To our knowledge, this study is the first to investigate changes in cosmetics employ during pregnancy. The results showed that few women stopped use during pregnancy, with the exception of boom polish and nail polish remover. Virtually half of the participants considered the use of cosmetics without chance during pregnancy, and few had received advice on the affair by a health professional. Studies involving samples more than representative of the general population of meaning women are needed to confirm our findings. However, our observations would be useful in making perinatal health professionals more aware of the problems raised by cosmetics use during pregnancy.
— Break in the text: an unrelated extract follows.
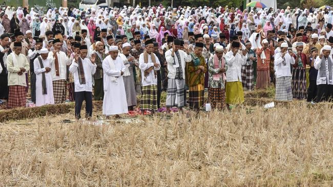 Ciamis - Warga Desa Pawindan, Kabupaten Ciamis, Jawa Barat, gelar salat Istisqa atau salat minta hujan. Salat dilakukan di persawahan yang kering.

All health professionals should be prepare to inform and advise women nearly the potential risks and the safety of use of these products.

Acknowledgments

We thank the community pharmacists and the physicians in the gynecology dispensary for their participation in the recruitment of women for the study.

Abbreviations

The following abbreviations are used in this manuscript:

EU European Union
NPW non-meaning women
PCP personal intendance products
Pw significant women
TPHP Triphenyl phosphate

Author Contributions

Cécile Marie contributed to information analysis and estimation and wrote the manuscript. Sophie Cabut nerveless data and contributed to data analysis and interpretation. Françoise Vendittelli wrote the manuscript. Marie-Pierre Sauvant-Rochat designed and coordinated the study and wrote the manuscript. All the authors have reviewed, revised and approved the concluding manuscript.

Conflicts of Interest

The authors declare no conflict of interest.